_Information provided_.
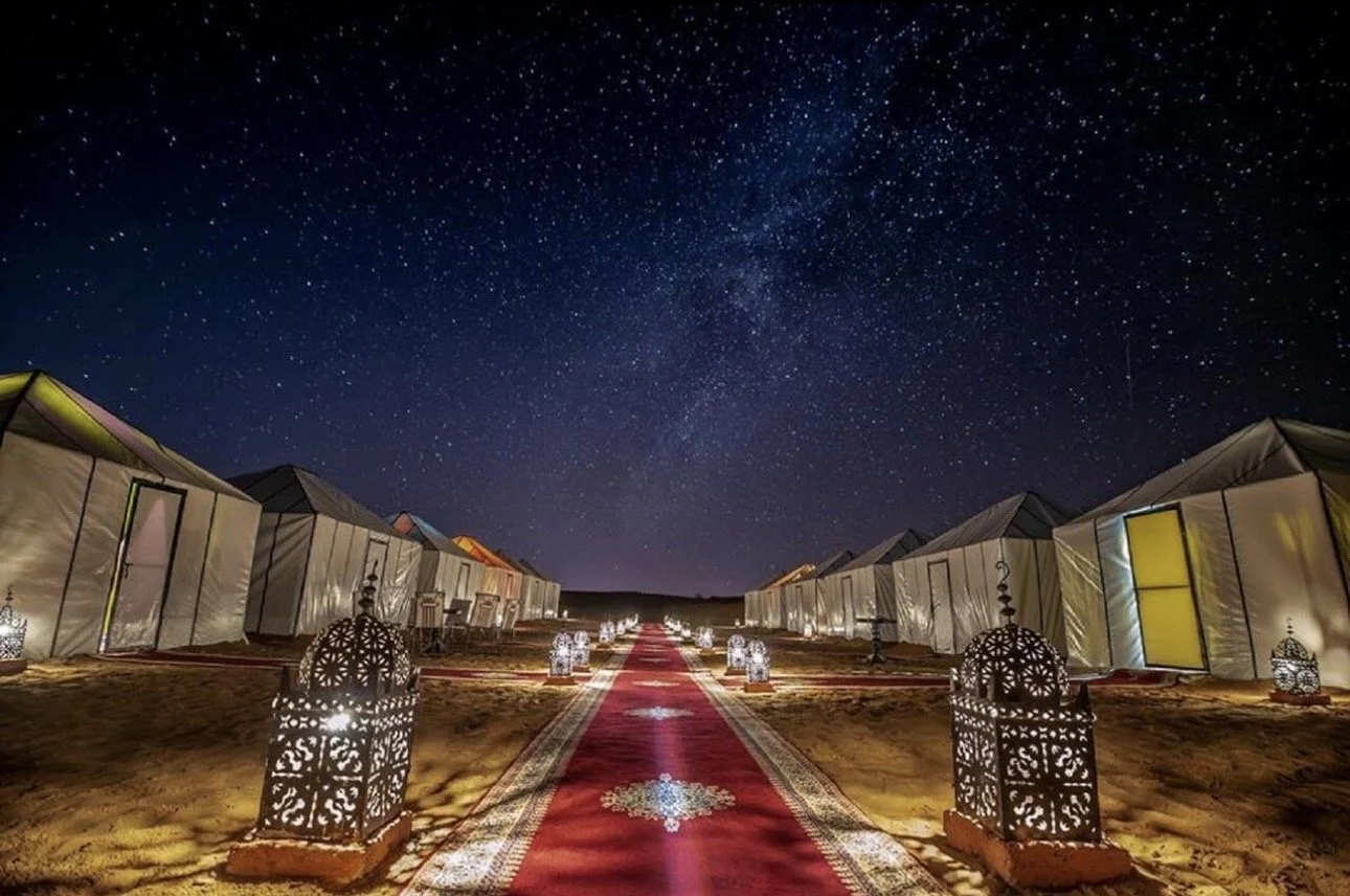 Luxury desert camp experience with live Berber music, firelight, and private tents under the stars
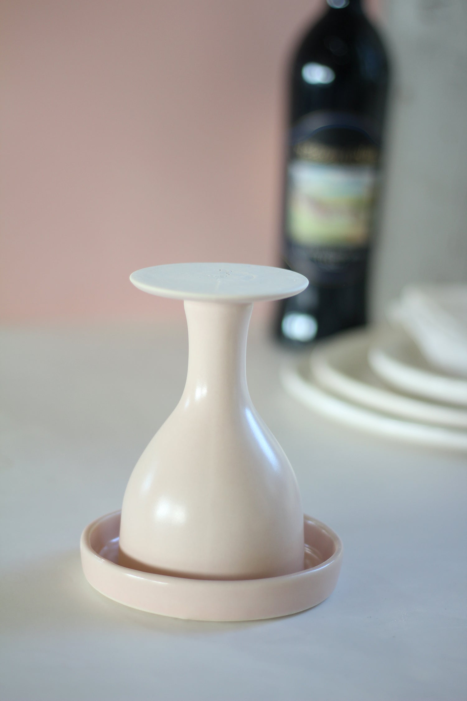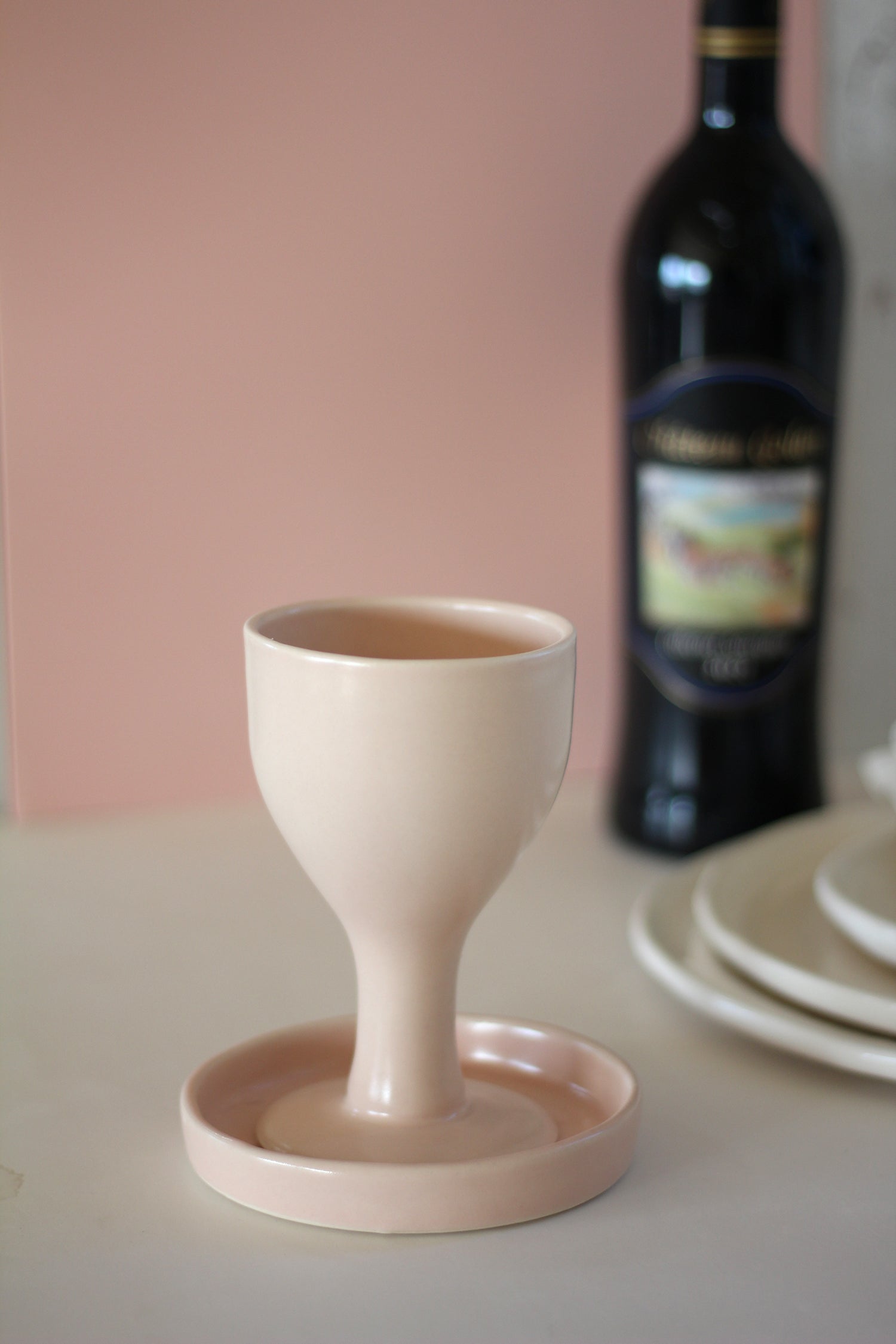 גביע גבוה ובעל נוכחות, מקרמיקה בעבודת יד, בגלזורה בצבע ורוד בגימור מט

...

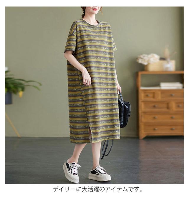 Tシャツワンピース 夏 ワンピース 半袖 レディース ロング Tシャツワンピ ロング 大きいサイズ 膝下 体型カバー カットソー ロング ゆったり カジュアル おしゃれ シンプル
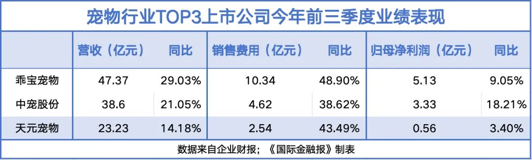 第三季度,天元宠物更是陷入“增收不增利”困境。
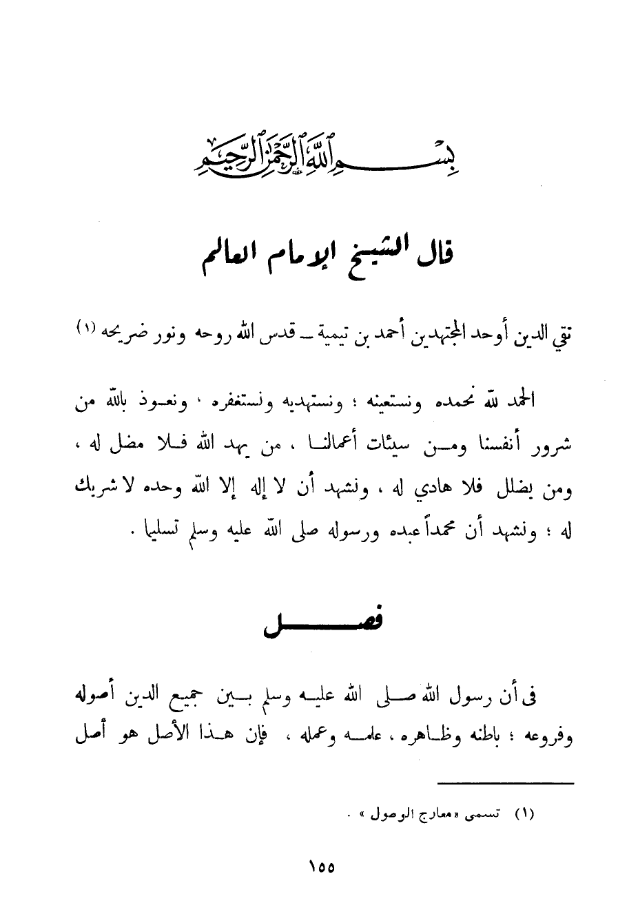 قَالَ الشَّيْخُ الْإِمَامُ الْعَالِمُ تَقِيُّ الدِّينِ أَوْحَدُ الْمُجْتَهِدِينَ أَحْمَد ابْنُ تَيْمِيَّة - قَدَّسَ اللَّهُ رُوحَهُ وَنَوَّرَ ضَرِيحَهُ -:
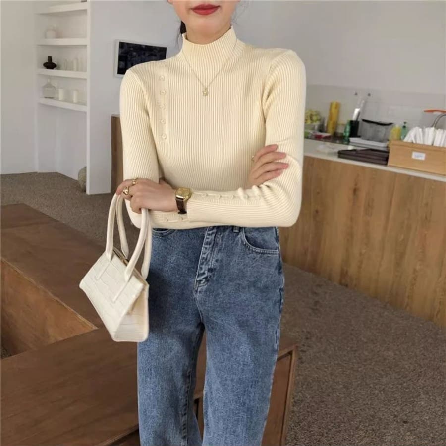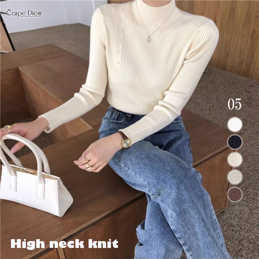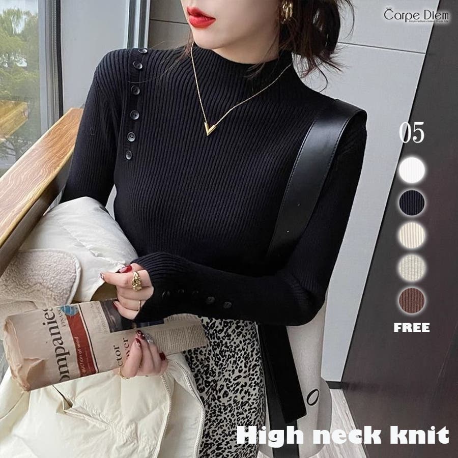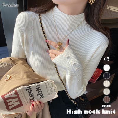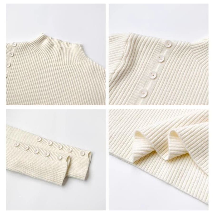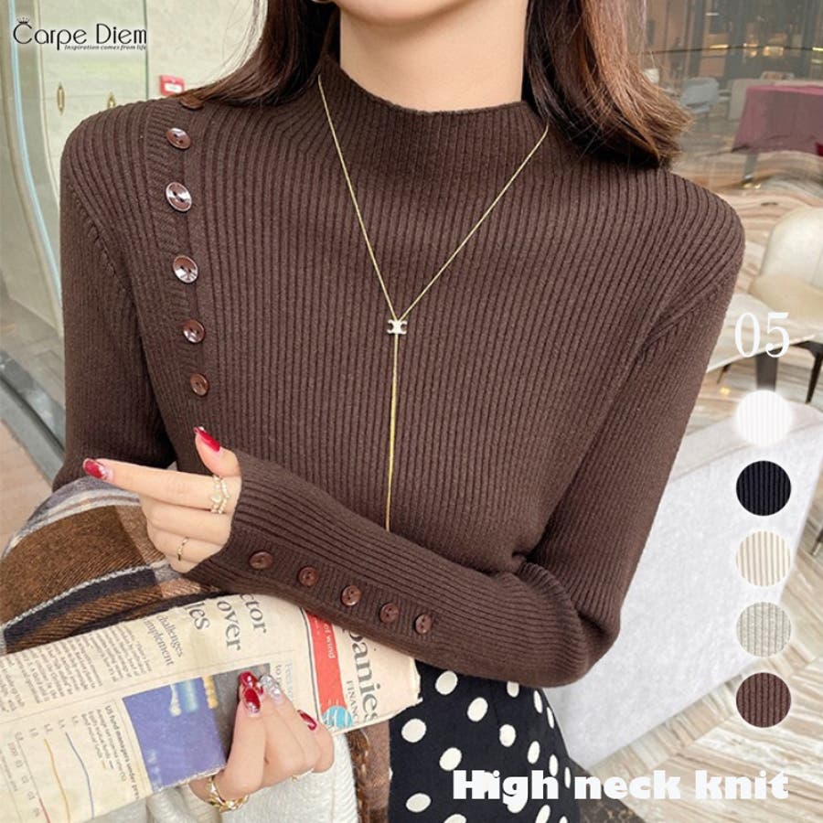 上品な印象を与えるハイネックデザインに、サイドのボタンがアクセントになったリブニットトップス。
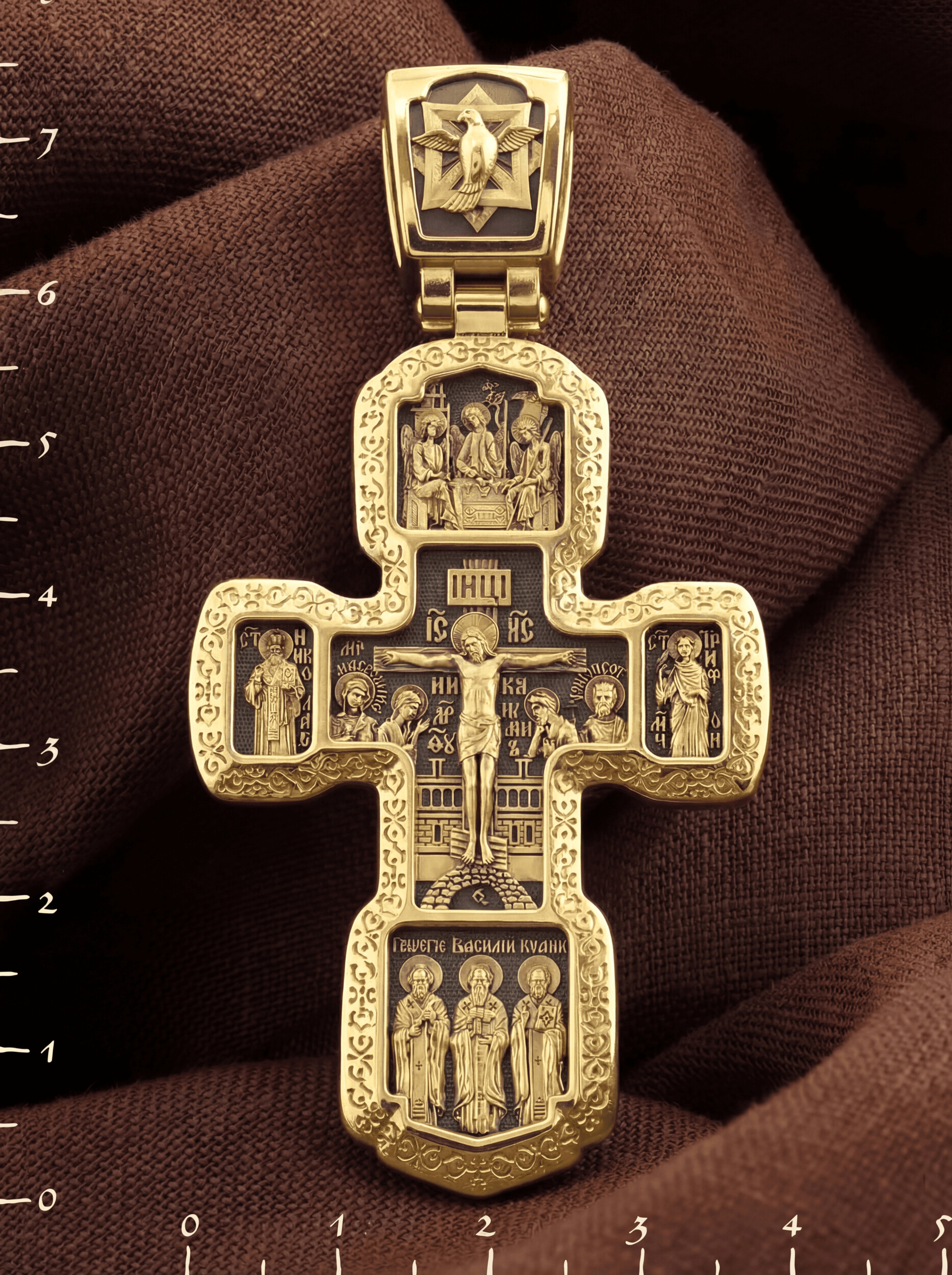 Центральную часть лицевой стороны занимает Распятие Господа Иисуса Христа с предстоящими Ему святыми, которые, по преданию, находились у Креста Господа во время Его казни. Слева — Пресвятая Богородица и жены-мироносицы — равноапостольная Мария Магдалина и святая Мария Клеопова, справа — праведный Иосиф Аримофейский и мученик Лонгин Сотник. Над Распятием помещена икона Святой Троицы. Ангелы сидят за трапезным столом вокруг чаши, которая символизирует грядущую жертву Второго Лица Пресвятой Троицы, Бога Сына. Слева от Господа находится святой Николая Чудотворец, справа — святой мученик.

_Your assignment_. Your copy should hold only the lines above from the one containing "上品な印象を与えるハイネック" through the one containing "Центральную часть лицевой", exactly as written and free of pictures.

_Response_.
 上品な印象を与えるハイネックデザインに、サイドのボタンがアクセントになったリブニットトップス。
 Центральную часть лицевой стороны занимает Распятие Господа Иисуса Христа с предстоящими Ему святыми, которые, по преданию, находились у Креста Господа во время Его казни. Слева — Пресвятая Богородица и жены-мироносицы — равноапостольная Мария Магдалина и святая Мария Клеопова, справа — праведный Иосиф Аримофейский и мученик Лонгин Сотник. Над Распятием помещена икона Святой Троицы. Ангелы сидят за трапезным столом вокруг чаши, которая символизирует грядущую жертву Второго Лица Пресвятой Троицы, Бога Сына. Слева от Господа находится святой Николая Чудотворец, справа — святой мученик.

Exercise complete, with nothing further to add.